14As shown in Figure 1, LU4R is composed of four main steps.
15Morpho-syntactic analysis is performed over each available utterance transcription, by applying Part-of-Speech tagging and syntactic parsing, providing morphological and syntactic information, essential for further processing.
16Whenever more than one hypothesized transcription is available, a Re-ranking module can be activated to evaluate a new sorting of the hypotheses, in order to get the best one out of the original ranking. It allows to reuse existent ASR solutions, making the final rank sensitive to the specific robotic domain.
17The selected transcription is the input of the Action Detection (AD) component. Here all the frames (i.e. intended actions) evoked in a sentence are detected, according to their triggering lexical units. For instance, given the above example, the AD would produce the following interpretation: [take]Taking the book on the table.
18The final step is the Argument Labeling (AL). Here a set of frame elements is retrieved for each frame, detected during the AD step. Such process is, in turn, realized in two sub-steps. First, the Argument Identification (AI) aims at finding the spans of all the possible frame elements. Then, the Argument Classification (AC) assigns the suitable frame element label to each span identified during the AI, producing the final tagging shown in (1).
19An off-the-shelf tool is used for the morphosyntactic analysis, namely the Stanford CoreNLP suite (Manning et al., 2014). Re-ranking is performed using a learn-to-rank approach, where a Support Vector Machine exploiting a combination of linguistic kernels is applied, as discussed in (Basili et al., 2013). The AD, AI and AC steps are modeled as a sequential labeling task, as in (Bastianelli et al., 2016). The Markovian formulation of a structured SVM proposed in (Altun et al., 2003) is applied to implement the sequential labeler, known as SVMhmm. In general, this learning algorithm combines a local discriminative model, which estimates the individual observation probabilities of a sequence, with a global generative approach to retrieve the most likely sequence, i.e. tags that better explain the whole sequence. In other words, given an input sequence x = (x1 .. . xl) ∈ X of feature vectors x1 .. . xl, SVMhmm learns a model isomorphic to a k-order Hidden Markov Model, to associate x with a set of labels y = (y1 .. . yl) ∈ Y.
20A sentence s is here intended as a sequence of words wi, each modeled through a feature vector xi and associated to a dedicated label yi, specifically designed for each interpretation process.
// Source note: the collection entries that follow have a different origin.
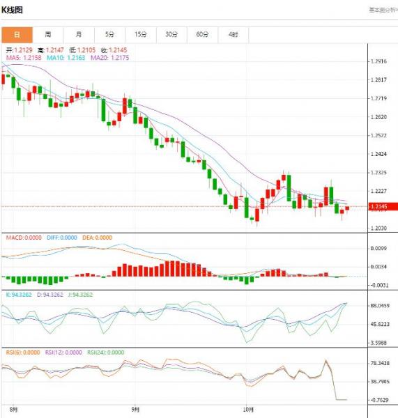 行情分析:汇价高见1.2147,低见1.2105。上一交易日,基本面上看,英镑昨日触底反弹,日线小幅收涨。除空头回补和1.2100关口附近所形成的技术面买盘是支撑英镑止跌反弹的主要原因。不过,美元指数在强劲经济数据的支撑下持续走高和对英国央行11月份不会加息的预期限制了汇价的反弹空间。技术面上看,英镑兑美元H4级别在美国GDP数据公布后下跌,但随后反弹。目前汇价运行于48日多空分界线附近,由于MACD双线和量能柱在零轴附近形成底背离,不排除英镑短期会有所反弹。
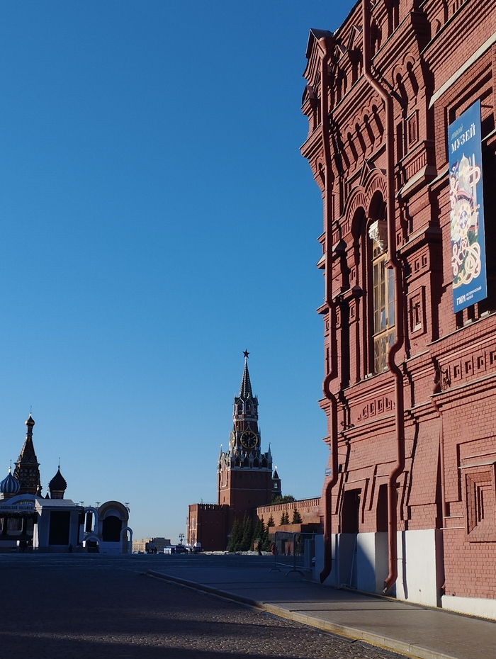 Главная площадь страны. На фото видна Спасская башня, Храм Василия Блаженного, Кремлевская стена с ее мини-секретами. Вне кадра резиденция Президента РФ.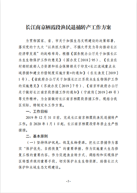 區(qū)政府辦公室關(guān)于印發(fā)長(zhǎng)江南京棲霞段漁民退捕轉(zhuǎn)產(chǎn)工作方案的通知

During training, the SVM algorithm is devoted to associating words to step-specific labels: linear kernel functions are applied to different types of features, ranging from linguistic to perception-based features, and linear combinations of kernels are used to integrate independent properties. At classification time, given a sentence s = (w1 .. . w|s|), the SVMhmm efficiently predicts the tag sequence y = (y1 .. . y|s|) using a Viterbi- like decoding algorithm.
21Both the re-ranking and the language understanding phases can work in two different settings. In the so-called basic scenario, only linguistic information is used during the interpretation task. Perceptual information from the environment is thus neglected and evidences from the user’s utterances or linguistic resources are considered.
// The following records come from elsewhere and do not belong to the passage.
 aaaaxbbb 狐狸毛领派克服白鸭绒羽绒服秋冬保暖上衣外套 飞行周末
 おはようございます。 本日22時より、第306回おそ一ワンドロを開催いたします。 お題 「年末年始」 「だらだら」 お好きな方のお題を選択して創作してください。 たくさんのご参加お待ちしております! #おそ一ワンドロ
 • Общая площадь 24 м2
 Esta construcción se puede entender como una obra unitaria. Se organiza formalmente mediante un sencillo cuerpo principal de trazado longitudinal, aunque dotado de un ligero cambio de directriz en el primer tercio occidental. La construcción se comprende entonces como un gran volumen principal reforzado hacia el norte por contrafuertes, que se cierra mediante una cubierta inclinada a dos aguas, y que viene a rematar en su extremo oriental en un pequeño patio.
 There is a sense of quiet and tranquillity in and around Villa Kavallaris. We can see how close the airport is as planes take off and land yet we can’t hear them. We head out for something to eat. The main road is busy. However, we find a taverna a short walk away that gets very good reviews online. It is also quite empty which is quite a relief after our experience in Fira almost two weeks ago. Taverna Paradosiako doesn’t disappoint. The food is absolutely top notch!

22Conversely, when perceptual information is made available to the chain, a context-aware interpretation is triggered. Such a perceptual knowledge is mainly exploited through a linguistic grounding mechanism (Bastianelli et al., 2015). This lexically-driven grounding is estimated through distances between filler (i.e. argument heads) and entity names. Such a semantic distance integrates metrics over word vectors descriptions and phonetic similarity. Word semantic vectors are here acquired through corpus analysis, as in Distributional Lexical Semantic paradigms (Turney and Pantel, 2010). They allow to map referential elements, such as lexical fillers, e.g. desk, to entities, e.g. a table, by thus modeling synonymy or co-hyponymy. Conversely, phonetic similarities ar smoothing factors against possible ASR transcription errors, e.g. pitcher and picture. Once links between fillers and entities have been activated, the sequential labeler is made sensitive to additional features, that inject perceptual information both in the learning and the tagging process, e.g. the presence/absence of referred objects in the environment. As a side effect, the above mechanism provides the robot with the set of linguistically-motivated groundings, that can be potentially used for any further grounding process.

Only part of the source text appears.